Techniques for recovering the rare earth element R from waste magnets of RTB magnets, magnet scraps, magnet processing scraps, and the like have been developed (International Publication No. 2013/018710). According to such a recovery technique, a rare earth oxide separated from Fe and Co can be obtained by performing various treatments on the waste magnet of the RTB-based magnet. When the rare earth oxide thus obtained is dissolved in an acid and solvent extraction is performed, a solution of the heavy rare earth RH (RH solution) can be obtained by separating it from other rare earth elements R. When carbonate, oxalic acid, sulfuric acid, sulfate, phosphoric acid or phosphate is added to the RH solution as a precipitant, RH carbonate, RH oxalate, RH sulfate or RH phosphate is precipitated respectively. Further, when these precipitates are fired, RH oxide is generated. The powder of the RH compound thus obtained is preferably used as a RH diffusion source in the present disclosure by being mixed with RH fluoride. In a normal recycling process, thereafter, these RH compounds are reduced to RH metal by molten salt electrolysis or the like and used as a raw material of an RTB magnet. Conventionally, it has not been used as a magnet raw material (diffusing agent) in the state of an intermediate product in such a recycling process. By using such an intermediate product as the RH diffusion source, there is a merit that raw materials can be procured at a low cost in the diffusion step, and a subsequent reduction step can be omitted in the recycling step. That is, by adopting the method of the present disclosure, the cost can be double reduced in the diffusion process and the recycling process.

In addition, the Dy-Fe alloy or the Tb-Fe alloy used for diffusing the heavy rare earth element from the outside with respect to the R-T-B system magnet comes into contact with the R-T-B system magnet during the diffusion process. In some cases, the magnet may be discarded in a state where it contains the light rare earth element R such as Nd. A technique for recovering the heavy rare earth element RH from such a used RH diffusion alloy has also been developed (International Publication No. 2014/115876). Therefore, the RH compound can be similarly obtained from the used RH diffusion alloy.

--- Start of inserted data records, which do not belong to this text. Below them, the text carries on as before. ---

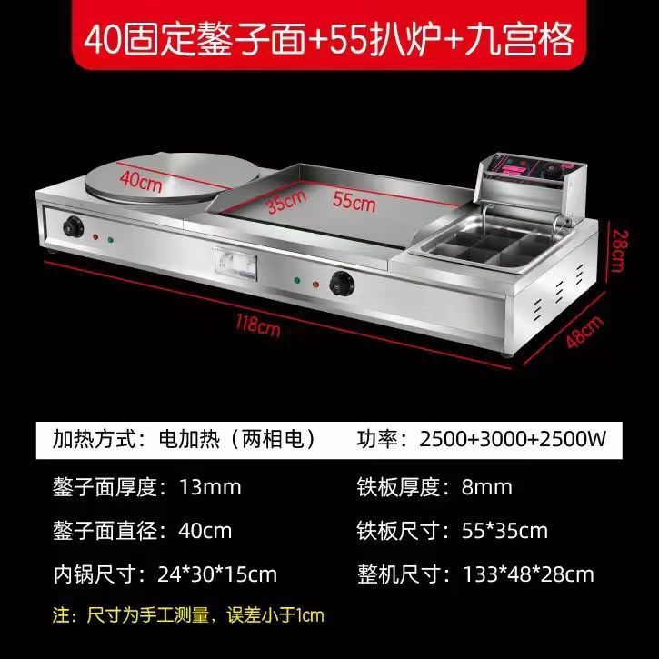 • 전기 45cm 고정 팬케이크 기계 - 그릴 40개 + 국수 요리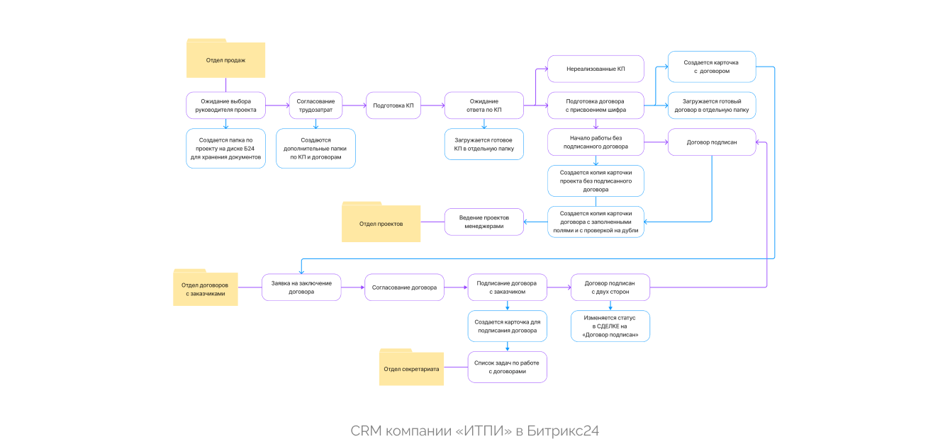 Была проведена работа по настройке бизнес-процессов для создания и хранения в отдельных папках на диске договоров и коммерческих предложений.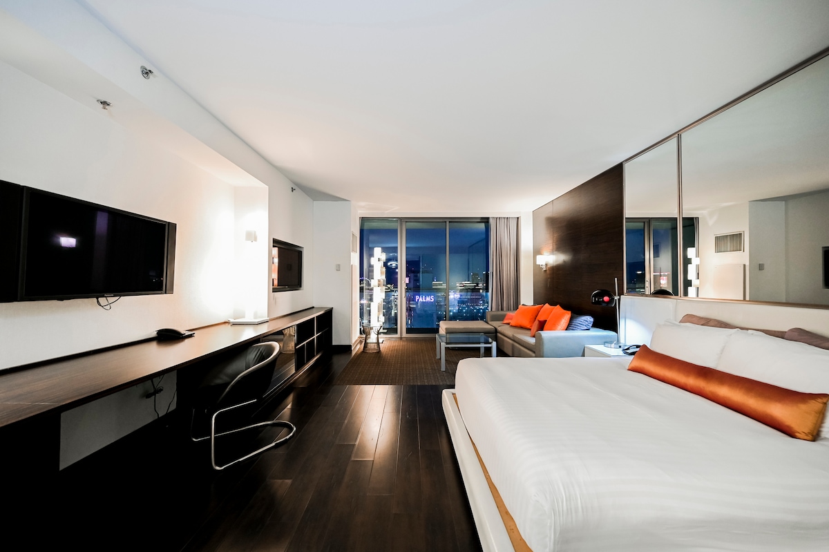 RESORT HAQQI YOXDUR. TƏMİZLİK HAQQI YOXDUR. Palms Place Hotel and Spa özünü oteldən daha çox ev kimi hiss edir. Kazinoların dayanmayan fəaliyyətindən silindi. Palms Place-də yaşayan dörd almaz lüks studiya müasir dəbdəbənin nə olduğunu öyrənir. Qonaq otağı, piştaxta hündürlüyündə yemək masası, balaca mətbəxi olan 615 kv metrlik qonaq sahəsi. Zolaq, Şəhər və Dağ mənzərəli tam ölçülü balkon verandası bütün qonaqlar üçün əlçatandır. Palmalar çıxış zamanı silinmiş 100 $/gecə kartını saxlayır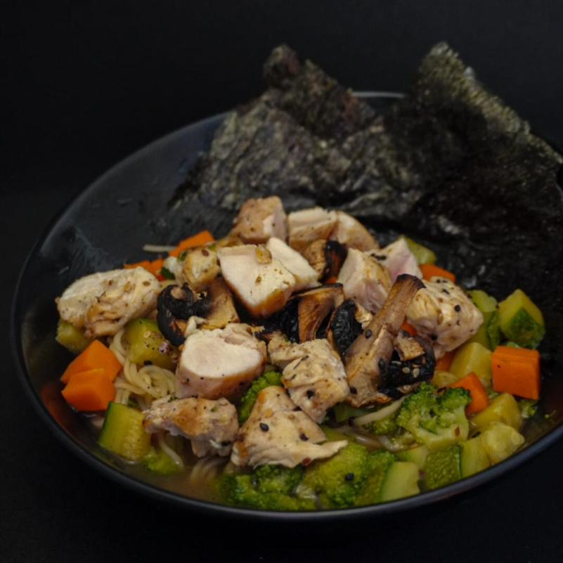 pechuga de pollo , vegetales , shitake , cebollin , aceite de ajonjoli , alga nori

The RTB-based magnet to be recycled is not limited to the sintered magnet, but may be a bonded magnet, a hot-worked magnet, magnet powder used for them, or the like. By using the R-T-B magnet generated in the recycling process, it is possible to effectively utilize the rare RH and reduce the cost of the diffusion source. The particle size of the RH compound powder is, for example, 20 μm or less, and the small one is about several μm. In the present disclosure, the particle size of powder may be measured by, for example, microscopic observation. It can also be measured using a commercially available particle size distribution measuring device (for example, a laser diffraction/scattering particle size distribution measuring device manufactured by Microtrac Bell Co., Ltd.).

The RH fluoride powder may be any powder produced industrially. The particle size of the RH fluoride powder is preferably 100 μm or less. The RH fluoride in the present invention may include RH oxyfluoride, which is an intermediate substance in the production process of RH fluoride.

The ratio of the powder of the RH compound produced by the recycling step of the RTB-based magnet in the diffusion source powder is preferably 5 to 50% by mass, more preferably 10 to 40% by mass. If it is less than 5% by mass, there is a certain effect in terms of efficient use of rare resources, but the effect of cost reduction is low. On the other hand, if it exceeds 50% by mass, many diffusion sources need to be generated in the recycling process, and the supply of raw materials may become unstable. Further, depending on the type of compound, the H _cJ improving effect may be low.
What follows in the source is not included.